Empowering vulnerable communities and pagan courtship rituals in Porto

Attending Club Health Lisbon 2015 provided me with the perfect opportunity to meet with members of CASO, Portugal’s drug user organisation (DUO). Much to my embarrassment, after arranging a meeting, which I assumed would take place in Portugal’s capital, Lisbon, I quickly learned that CASO and the incandescent activist spirit that gave momentum to the country’s decriminalisation reform at the turn of the millennium, was actually centered in Porto. I was able to reschedule the meeting, no problem. Getting to Porto was pretty straight forward (and flying there with Ryanair was like taking a poignant refresher course in the importance of self-assertion). However, I was arriving in Porto on 23 June; I was completely under-prepared for Festa de São João do Porto, but it was a case of serendipitous timing…I was privileged to witness the kind of passion that is required in order to reform draconian drug laws!

Where to start? There’s so much to write on Porto, CASO, and the non-governmental development organisation, Apdes, that empowered the drug user org into existence. ‘You had to have been there‘ is a bit too patronising and while I really do encourage you to see Porto, especially on the day the city celebrates a mix of sacred and profane traditions in the name of St John, I will limit this post so it’s an introduction to CASO, with reference to Apdes, and catalogue the DUO’s agenda ‘Wish List’.

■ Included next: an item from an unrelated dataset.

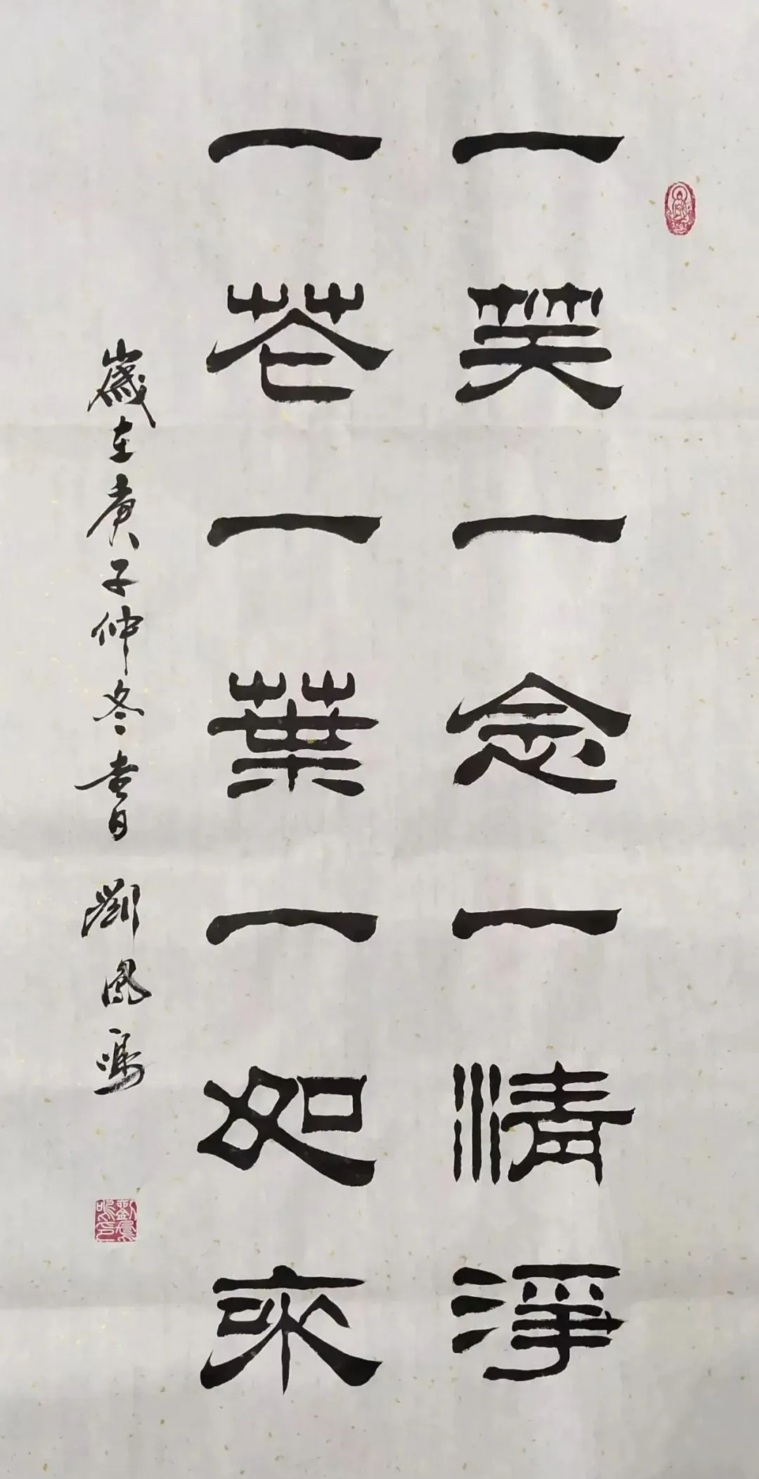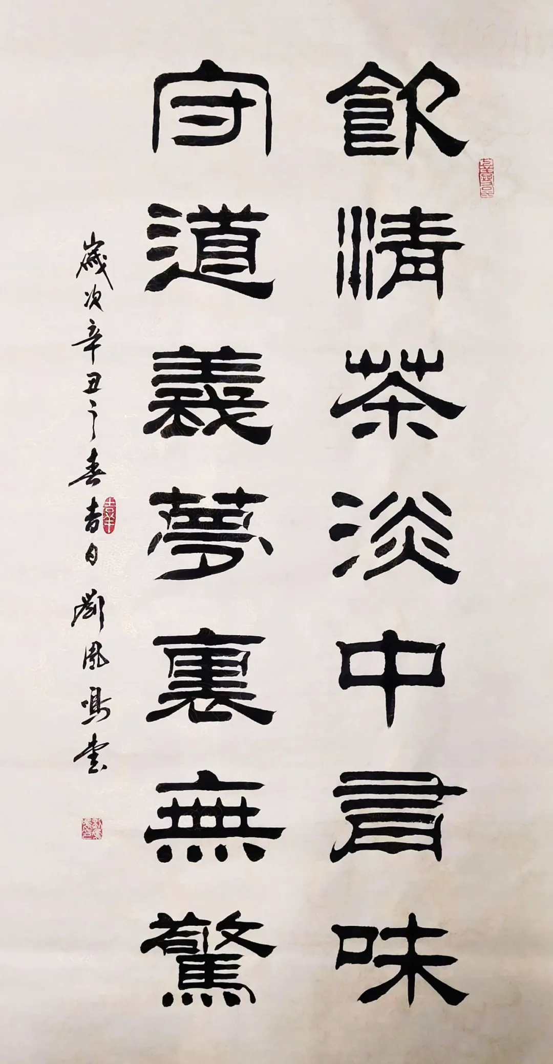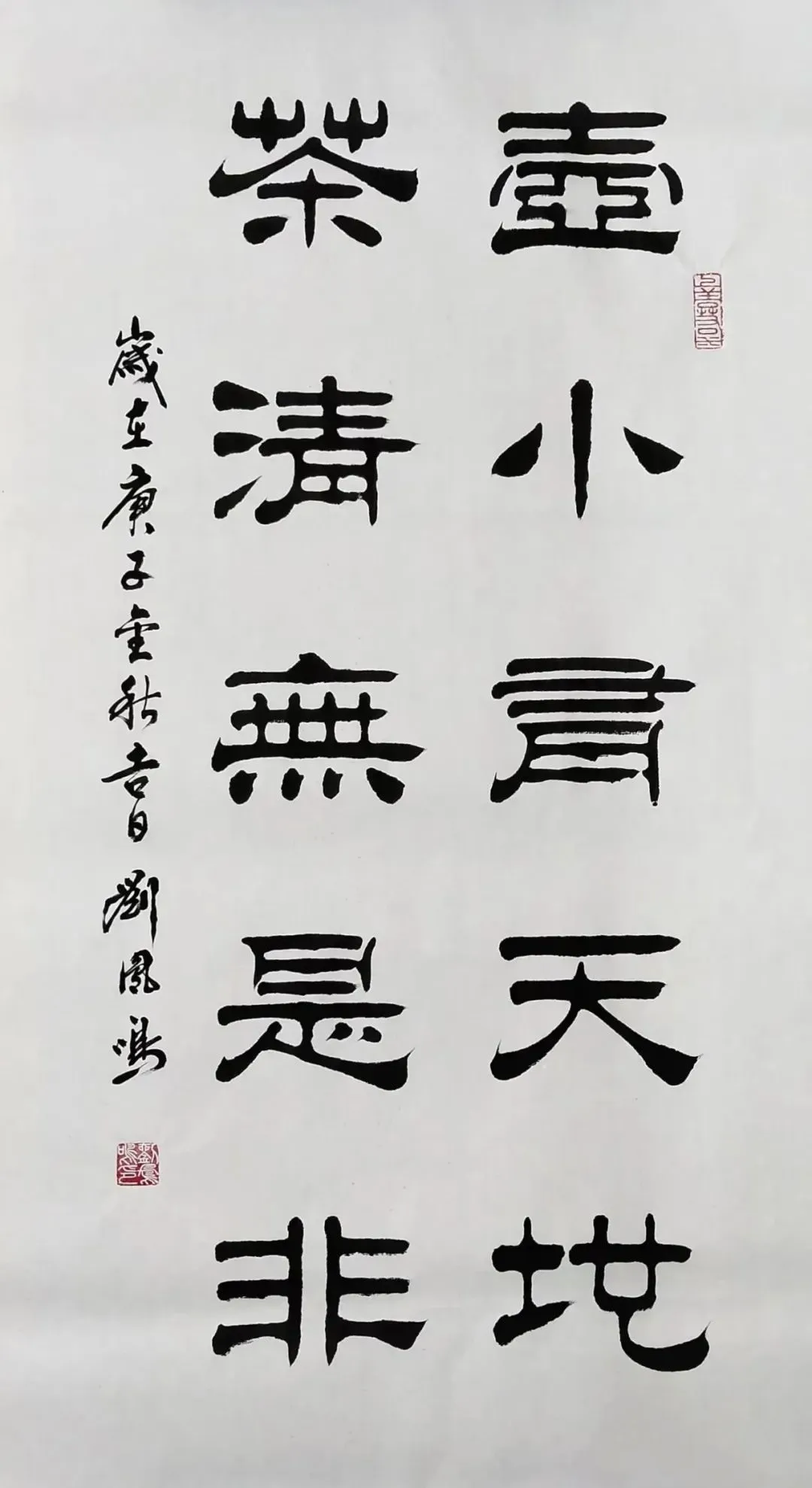 刘凤鸣的隶书,乍一看像老古董,细品却藏着“潮”基因。他笔下的逆入平出,不是痴呆地照搬汉碑,而是像合手橡皮泥似的——该动听时像汤圆,该尖锐时似刀削,粗细一变,线条立马活过来。比如写“福”字,横画拉得像扁担,空闲又带劲,竖画却细得像根葱,刚柔拿合手得死死的。

First, I met with CASO Chairman, Sérgio Rodrigues. CASO is an acronym for Consumidores Associados Sobrevivem Organizados, which translates (roughly) to Consumers Associated Survive Organised. CASO was established in 2007 after Apdes facilitated a meeting between local drug users and Theo Van Dam (no relation to Jean Claude and more kick-ass). Theo is a key player in the global drug user activist movement which started in Holland in the mid-1970s; he spoke of the increased drug user rights activism efficacy that could be achieved if a DUO were established. When Theo visited Porto in 2007, Sérgio was a local peer educator performing outreach for one of Apdes’s harm reduction projects, GIRU (Group Intervention on the Rua or street).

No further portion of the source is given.